Stephen King’s A Good Marriage Directed by Peter Askin. Joan Allen, Anthony LaPaglia. With a serial killer on the loose and a disheveled stranger stalking her, a devoted wife has further cause for alarm after she unwittingly uncovers an ominous secret about her husband that threatens their happy marriage. Comes off as curiously flat for a movie about a woman who sleeps next to a murderer every night.

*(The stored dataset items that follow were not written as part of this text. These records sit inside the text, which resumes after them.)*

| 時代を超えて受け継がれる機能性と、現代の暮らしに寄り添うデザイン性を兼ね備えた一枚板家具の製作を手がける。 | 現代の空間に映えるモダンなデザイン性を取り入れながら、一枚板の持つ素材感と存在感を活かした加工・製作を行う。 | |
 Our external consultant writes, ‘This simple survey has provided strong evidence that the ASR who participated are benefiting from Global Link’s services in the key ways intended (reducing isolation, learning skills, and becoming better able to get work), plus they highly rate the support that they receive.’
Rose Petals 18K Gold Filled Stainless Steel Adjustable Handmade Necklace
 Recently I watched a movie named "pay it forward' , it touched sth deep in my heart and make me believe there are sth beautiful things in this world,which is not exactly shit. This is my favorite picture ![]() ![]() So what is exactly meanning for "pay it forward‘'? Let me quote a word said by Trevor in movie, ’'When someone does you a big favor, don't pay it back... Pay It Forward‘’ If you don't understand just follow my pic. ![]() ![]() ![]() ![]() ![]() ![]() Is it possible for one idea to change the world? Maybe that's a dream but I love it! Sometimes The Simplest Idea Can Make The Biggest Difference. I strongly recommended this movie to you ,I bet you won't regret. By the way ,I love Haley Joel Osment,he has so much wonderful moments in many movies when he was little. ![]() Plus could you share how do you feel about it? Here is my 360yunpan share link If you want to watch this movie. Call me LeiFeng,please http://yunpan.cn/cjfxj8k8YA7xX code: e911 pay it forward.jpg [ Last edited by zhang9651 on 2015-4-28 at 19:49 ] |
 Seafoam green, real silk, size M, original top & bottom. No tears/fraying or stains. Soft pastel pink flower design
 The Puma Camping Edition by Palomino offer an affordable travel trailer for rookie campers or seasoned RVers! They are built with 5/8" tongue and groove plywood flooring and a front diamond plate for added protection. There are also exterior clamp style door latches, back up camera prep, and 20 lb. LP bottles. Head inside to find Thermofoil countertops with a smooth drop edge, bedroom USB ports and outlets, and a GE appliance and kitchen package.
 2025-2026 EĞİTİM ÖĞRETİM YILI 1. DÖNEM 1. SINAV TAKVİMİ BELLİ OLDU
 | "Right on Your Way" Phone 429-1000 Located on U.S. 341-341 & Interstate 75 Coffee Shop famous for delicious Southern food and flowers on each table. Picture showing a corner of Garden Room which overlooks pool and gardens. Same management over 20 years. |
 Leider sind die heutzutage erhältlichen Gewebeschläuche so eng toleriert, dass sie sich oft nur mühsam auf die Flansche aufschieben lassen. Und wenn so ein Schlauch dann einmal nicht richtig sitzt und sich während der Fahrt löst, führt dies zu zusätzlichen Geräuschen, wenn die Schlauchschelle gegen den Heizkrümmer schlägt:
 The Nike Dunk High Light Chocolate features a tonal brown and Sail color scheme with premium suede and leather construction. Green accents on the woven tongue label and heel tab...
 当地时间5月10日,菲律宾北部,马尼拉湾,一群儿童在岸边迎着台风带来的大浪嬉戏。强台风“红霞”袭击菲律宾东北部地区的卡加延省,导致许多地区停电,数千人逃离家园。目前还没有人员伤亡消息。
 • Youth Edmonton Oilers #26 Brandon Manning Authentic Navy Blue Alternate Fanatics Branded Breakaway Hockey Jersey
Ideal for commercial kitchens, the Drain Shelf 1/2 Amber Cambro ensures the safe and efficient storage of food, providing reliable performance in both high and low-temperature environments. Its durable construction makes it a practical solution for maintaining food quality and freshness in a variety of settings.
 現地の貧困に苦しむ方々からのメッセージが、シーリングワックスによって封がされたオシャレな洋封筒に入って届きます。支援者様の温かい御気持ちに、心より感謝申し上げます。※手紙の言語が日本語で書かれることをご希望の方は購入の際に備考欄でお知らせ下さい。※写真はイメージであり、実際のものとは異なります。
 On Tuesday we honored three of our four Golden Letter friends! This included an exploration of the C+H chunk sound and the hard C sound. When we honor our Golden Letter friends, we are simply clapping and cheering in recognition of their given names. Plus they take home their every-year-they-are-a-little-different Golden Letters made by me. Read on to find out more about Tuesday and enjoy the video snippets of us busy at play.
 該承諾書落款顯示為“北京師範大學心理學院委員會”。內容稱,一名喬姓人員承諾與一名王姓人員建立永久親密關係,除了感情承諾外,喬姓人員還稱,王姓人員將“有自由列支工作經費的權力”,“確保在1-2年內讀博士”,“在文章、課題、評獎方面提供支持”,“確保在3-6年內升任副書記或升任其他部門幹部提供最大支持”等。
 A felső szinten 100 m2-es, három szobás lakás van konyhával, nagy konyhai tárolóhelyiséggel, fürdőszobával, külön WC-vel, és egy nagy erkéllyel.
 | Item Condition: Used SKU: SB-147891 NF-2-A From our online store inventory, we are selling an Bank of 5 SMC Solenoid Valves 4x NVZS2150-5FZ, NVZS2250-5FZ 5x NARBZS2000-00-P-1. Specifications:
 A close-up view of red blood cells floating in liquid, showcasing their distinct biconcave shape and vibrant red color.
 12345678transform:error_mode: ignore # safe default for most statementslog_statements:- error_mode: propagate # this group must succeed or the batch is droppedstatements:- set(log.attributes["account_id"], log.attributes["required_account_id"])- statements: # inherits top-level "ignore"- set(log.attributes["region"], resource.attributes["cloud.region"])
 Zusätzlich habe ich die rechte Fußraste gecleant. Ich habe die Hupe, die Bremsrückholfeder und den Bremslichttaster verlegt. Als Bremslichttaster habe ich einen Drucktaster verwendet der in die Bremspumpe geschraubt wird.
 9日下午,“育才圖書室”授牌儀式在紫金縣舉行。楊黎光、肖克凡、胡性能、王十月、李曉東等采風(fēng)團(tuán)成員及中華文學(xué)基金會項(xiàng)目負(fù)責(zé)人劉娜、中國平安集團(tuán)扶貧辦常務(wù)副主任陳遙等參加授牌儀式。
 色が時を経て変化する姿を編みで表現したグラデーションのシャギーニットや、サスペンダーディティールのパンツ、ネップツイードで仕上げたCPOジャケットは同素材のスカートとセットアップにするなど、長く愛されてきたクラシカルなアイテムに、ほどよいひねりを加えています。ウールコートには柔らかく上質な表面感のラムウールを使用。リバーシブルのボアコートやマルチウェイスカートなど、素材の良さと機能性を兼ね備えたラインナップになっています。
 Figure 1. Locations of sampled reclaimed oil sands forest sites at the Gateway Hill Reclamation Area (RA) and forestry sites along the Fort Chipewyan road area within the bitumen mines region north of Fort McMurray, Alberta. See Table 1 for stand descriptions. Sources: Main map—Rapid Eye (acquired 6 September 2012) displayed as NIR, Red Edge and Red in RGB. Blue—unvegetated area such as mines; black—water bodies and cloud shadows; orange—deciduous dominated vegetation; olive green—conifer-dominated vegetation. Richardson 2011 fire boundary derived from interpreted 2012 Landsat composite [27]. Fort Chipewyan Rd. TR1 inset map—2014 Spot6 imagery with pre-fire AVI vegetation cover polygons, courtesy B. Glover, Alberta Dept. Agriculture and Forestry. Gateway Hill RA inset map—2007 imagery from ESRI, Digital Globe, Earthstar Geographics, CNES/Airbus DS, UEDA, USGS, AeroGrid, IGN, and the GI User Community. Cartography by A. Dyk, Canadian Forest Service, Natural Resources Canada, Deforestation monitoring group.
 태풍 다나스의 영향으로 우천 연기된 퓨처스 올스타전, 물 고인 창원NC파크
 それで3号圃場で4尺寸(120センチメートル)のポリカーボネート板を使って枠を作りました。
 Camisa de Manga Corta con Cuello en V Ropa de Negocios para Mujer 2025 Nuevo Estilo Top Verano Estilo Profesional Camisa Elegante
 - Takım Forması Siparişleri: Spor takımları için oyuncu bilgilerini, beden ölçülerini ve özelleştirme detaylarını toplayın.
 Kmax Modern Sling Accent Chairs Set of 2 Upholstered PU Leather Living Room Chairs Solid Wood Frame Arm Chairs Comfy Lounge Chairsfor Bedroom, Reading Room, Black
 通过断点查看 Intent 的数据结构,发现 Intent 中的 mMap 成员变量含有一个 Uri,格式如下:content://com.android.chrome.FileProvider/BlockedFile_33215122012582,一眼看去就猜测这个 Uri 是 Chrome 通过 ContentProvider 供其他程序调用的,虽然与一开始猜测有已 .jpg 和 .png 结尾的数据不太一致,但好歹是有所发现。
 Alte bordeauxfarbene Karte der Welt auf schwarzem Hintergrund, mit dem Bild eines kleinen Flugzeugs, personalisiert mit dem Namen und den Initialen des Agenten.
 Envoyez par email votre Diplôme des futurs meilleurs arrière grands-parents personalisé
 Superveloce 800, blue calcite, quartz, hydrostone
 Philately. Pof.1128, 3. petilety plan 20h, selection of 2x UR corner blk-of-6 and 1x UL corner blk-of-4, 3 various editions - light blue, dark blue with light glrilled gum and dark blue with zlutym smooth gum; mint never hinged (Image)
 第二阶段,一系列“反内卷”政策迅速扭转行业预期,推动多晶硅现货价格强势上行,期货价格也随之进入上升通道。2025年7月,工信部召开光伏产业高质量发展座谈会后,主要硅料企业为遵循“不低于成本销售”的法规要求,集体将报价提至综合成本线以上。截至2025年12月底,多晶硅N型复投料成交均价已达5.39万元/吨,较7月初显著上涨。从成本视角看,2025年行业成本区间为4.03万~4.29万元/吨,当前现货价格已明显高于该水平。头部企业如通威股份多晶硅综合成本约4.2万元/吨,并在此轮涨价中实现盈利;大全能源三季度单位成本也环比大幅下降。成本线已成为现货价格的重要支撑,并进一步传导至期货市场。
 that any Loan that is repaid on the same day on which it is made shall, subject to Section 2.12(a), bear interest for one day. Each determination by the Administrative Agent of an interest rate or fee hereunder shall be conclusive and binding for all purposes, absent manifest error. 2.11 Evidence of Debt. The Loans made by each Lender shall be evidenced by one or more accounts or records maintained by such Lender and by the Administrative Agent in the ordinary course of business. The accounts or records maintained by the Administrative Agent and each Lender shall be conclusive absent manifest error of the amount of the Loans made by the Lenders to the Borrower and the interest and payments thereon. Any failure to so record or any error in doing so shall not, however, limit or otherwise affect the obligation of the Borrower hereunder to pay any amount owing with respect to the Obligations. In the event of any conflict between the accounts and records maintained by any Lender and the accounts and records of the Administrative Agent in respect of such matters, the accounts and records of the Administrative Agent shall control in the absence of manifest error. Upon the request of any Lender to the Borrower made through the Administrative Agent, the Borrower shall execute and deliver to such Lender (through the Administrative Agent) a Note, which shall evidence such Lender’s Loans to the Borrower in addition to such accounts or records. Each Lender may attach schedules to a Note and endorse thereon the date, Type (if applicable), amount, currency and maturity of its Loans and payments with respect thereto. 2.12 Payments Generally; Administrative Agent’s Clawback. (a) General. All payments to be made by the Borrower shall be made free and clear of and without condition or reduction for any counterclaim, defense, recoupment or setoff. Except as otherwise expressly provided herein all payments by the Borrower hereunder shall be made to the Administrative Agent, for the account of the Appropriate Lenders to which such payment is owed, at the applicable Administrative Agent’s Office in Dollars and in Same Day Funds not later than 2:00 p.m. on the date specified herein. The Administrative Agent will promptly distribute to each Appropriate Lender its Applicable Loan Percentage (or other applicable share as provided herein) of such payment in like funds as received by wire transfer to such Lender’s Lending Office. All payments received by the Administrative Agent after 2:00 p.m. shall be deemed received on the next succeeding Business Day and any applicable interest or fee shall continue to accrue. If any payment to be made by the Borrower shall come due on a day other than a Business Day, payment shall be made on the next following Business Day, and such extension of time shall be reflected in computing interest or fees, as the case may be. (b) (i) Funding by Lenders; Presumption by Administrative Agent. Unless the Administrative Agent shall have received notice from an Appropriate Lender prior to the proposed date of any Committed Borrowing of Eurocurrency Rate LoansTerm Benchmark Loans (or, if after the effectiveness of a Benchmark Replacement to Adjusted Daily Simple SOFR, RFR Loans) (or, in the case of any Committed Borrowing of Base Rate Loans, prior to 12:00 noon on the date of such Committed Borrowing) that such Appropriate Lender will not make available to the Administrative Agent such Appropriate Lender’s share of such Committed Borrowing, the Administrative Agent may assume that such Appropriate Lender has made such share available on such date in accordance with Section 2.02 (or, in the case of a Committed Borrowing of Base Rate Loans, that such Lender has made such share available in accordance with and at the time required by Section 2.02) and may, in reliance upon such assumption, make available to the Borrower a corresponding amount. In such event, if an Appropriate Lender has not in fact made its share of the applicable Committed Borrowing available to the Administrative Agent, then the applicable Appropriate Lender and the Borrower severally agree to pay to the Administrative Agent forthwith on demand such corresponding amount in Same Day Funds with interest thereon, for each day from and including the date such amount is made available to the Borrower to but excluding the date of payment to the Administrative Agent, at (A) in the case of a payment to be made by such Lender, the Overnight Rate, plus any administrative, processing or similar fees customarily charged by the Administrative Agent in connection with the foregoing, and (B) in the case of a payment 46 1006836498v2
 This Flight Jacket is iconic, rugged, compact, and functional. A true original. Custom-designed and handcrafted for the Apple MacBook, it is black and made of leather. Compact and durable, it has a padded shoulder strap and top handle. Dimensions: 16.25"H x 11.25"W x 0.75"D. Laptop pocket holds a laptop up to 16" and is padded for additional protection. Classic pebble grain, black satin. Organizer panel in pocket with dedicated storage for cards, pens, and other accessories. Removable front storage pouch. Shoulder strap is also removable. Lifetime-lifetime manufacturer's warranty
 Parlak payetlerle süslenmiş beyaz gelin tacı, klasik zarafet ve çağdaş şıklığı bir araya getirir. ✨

Last Weekend Directed by Tom Dolby, Tom Williams. Patricia Clarkson. When an affluent matriarch gathers her dysfunctional family for a holiday at their Northern California lake house, her carefully constructed weekend begins to come apart at the seams. The characters flutter about, argue and flirt, but they are simply too bland and vacuous to make much of an impression. It doesn’t help that half of them serve no purpose other than to fill the camera frame.

Reach Me ½* Directed by John Herzfeld. Danny Aiello, Tom Berenger, Lauren Cohan, Kevin Connolly, Terry Crews, Cary Elwes, Kelsey Grammer, Omari Hardwick, Elizabeth Henstridge, Thomas Jane, Ryan Kwanten, Nelly, David O’Hara, Kyra Sedgwick, Tom Sizemore, Sylvester Stallone, Danny Trejo. A motivational book written by a mysterious man quickly gains popularity, inspiring a group of people that includes a journalist, his editor, a former inmate, a hip-hop mogul, an actor and an undercover cop to re-evaluate their choices and decisions by confronting their fears in hopes of creating more positive lives. A misbegotten venture that constantly ups its own ante on histrionic overacting, ludicrous plot twists and insipid empowerment mantras.